*PROBLEM REQUIREMENTS*. Give back the lines of the entries below exactly as written, from the first line to the line holding "Oplev skønheden ved", both included, with the pictures omitted.

INPUT MATERIAL section start

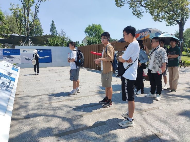 午后,党员们抵达成飞航空主题教育基地。在导游的详细讲解下,党员们系统学习了世界航空发展史以及我国航空工业的崛起历程,近距离观察了歼-5战斗机、“翼龙”、“天翅”系列无人机等航空装备,亲眼目睹了中国航空国防事业的飞速发展。通过园区内的战机更新迭代布展,党员们深刻体会到了中国战斗机研制从无到有、从弱到强的艰辛过程。在航空史迹等展区,借助多媒体、数字化、互动式展教设备,党员们多角度、全方位地领略了中国航空工业的辉煌成就和未来发展前景。
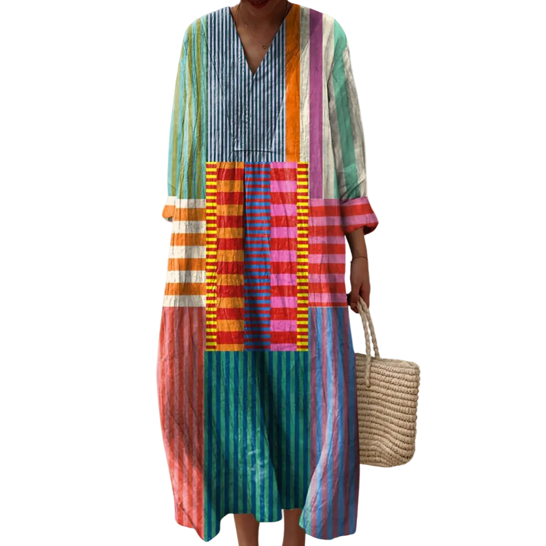 Oplev skønheden ved vores geometriske kjole, der kombinerer stil og komfort. Denne kjole er perfekt til at fremhæve din personlighed, uanset om du nyder en solrig dag eller en kølig aften.
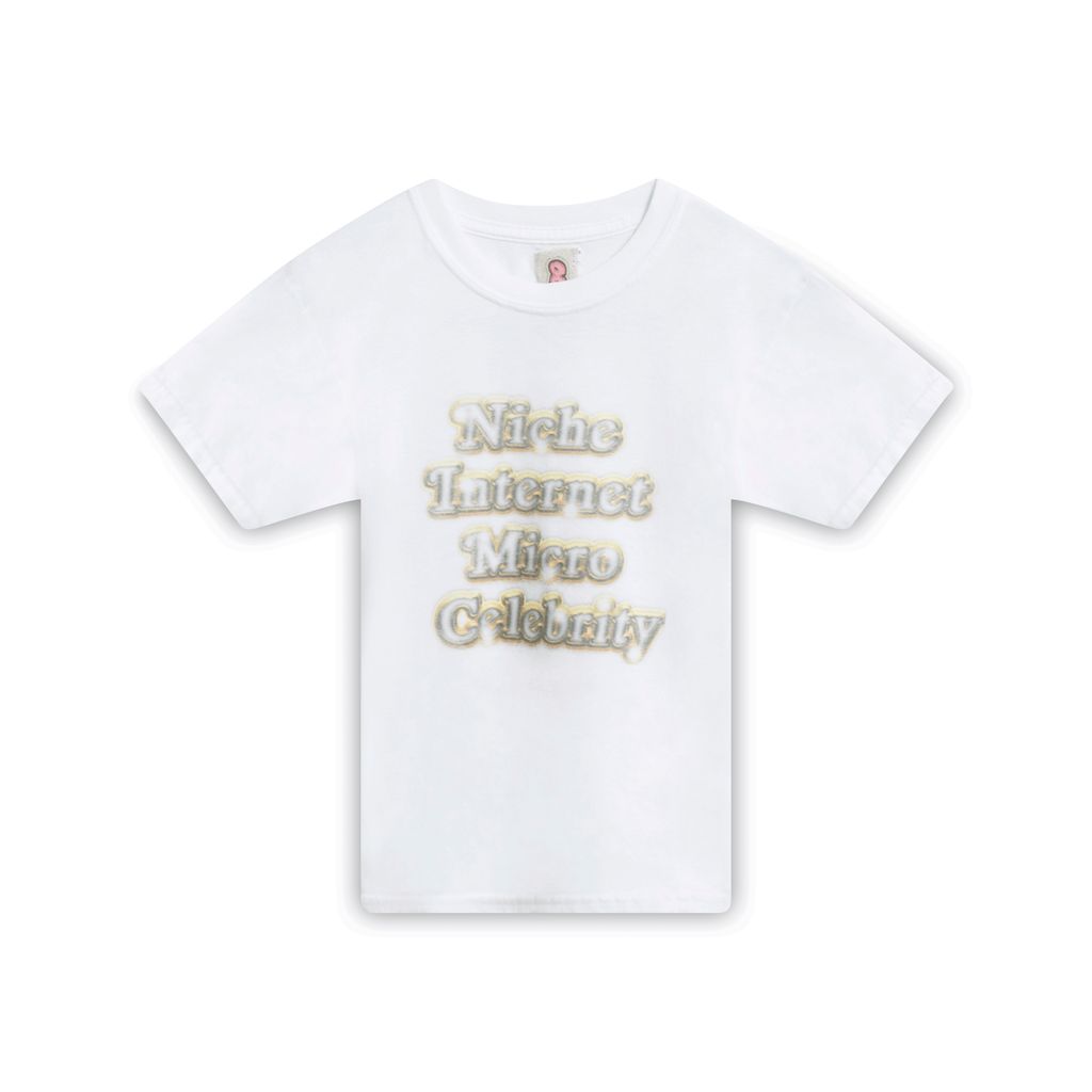 White t-shirt with printed text "Niche Internet Micro Celebrity" on the front.
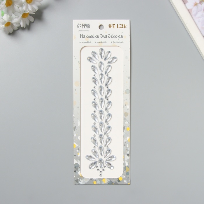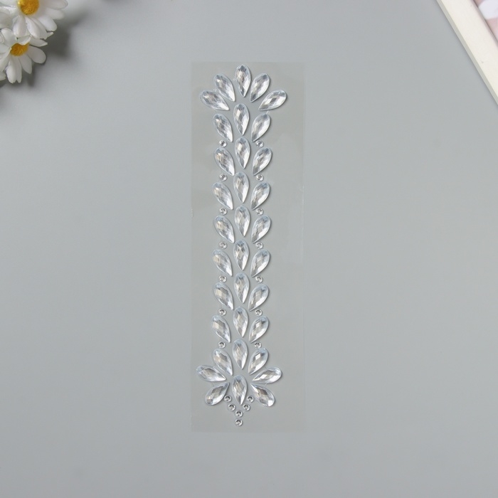Наклейка пластик стразы "Фонтан" зеркальное серебро 25х8,5 см
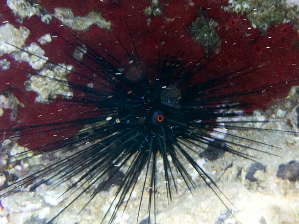It is now present in the Aegean Sea as an invasive species, its larvae having crossed the Suez Canal. The first reported cases in the Mediterranean date back almost 20 years. Disliking strong light, it prefers rocky hollows; its long spines (up to 20 cm) provide excellent protection. It is a major consumer of the algae that grows on the rocks.
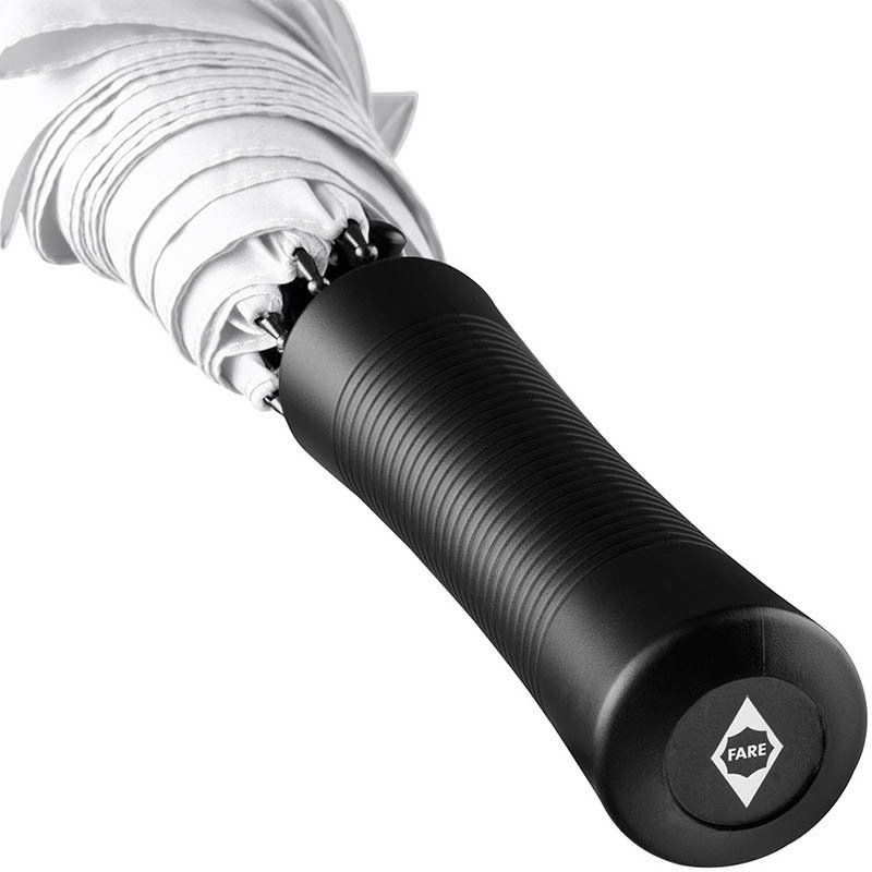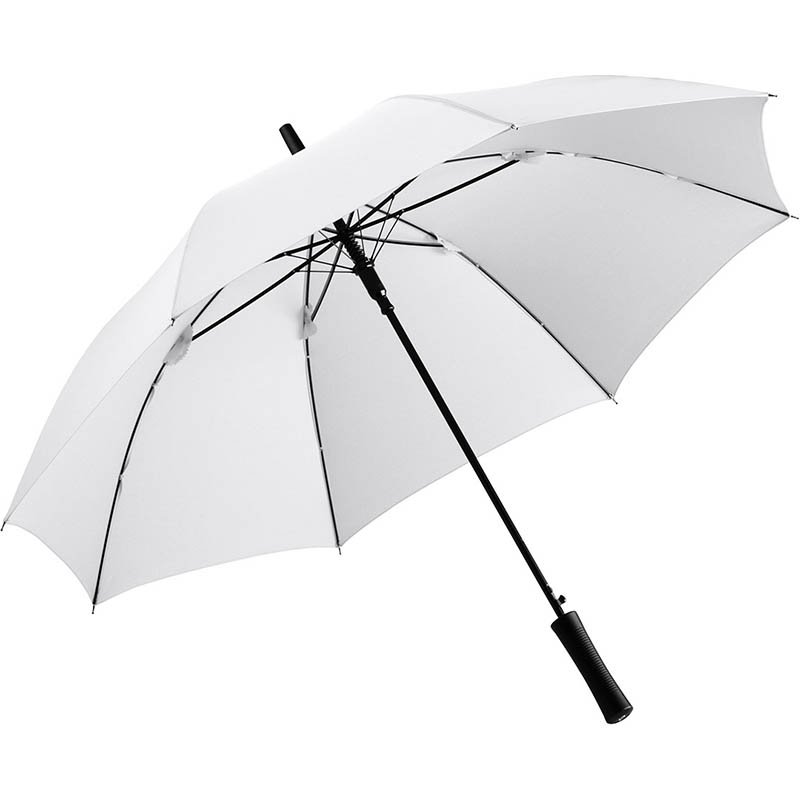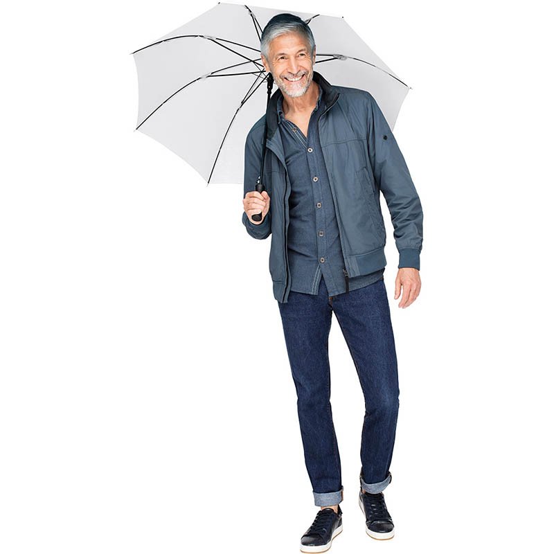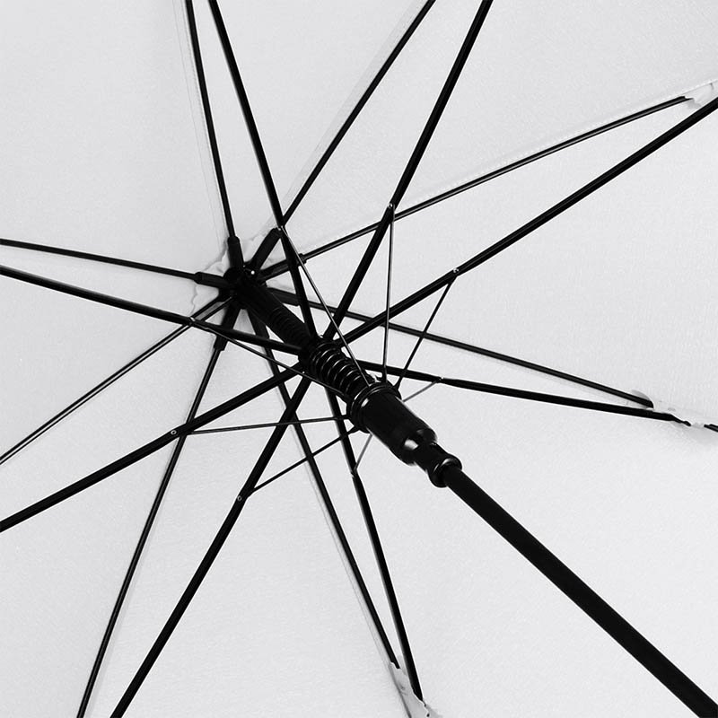 Convenient automatic function for quick opening, Windproof system for higher flexibility and stability in windy conditions, flexible fibreglass ribs, straight dull black plastic handle with promotional labelling option, higher corrosion protection due to galvanized steel shaft

INPUT MATERIAL section end

*SOLUTION TO THE PROBLEM*.
 午后,党员们抵达成飞航空主题教育基地。在导游的详细讲解下,党员们系统学习了世界航空发展史以及我国航空工业的崛起历程,近距离观察了歼-5战斗机、“翼龙”、“天翅”系列无人机等航空装备,亲眼目睹了中国航空国防事业的飞速发展。通过园区内的战机更新迭代布展,党员们深刻体会到了中国战斗机研制从无到有、从弱到强的艰辛过程。在航空史迹等展区,借助多媒体、数字化、互动式展教设备,党员们多角度、全方位地领略了中国航空工业的辉煌成就和未来发展前景。
 Oplev skønheden ved vores geometriske kjole, der kombinerer stil og komfort. Denne kjole er perfekt til at fremhæve din personlighed, uanset om du nyder en solrig dag eller en kølig aften.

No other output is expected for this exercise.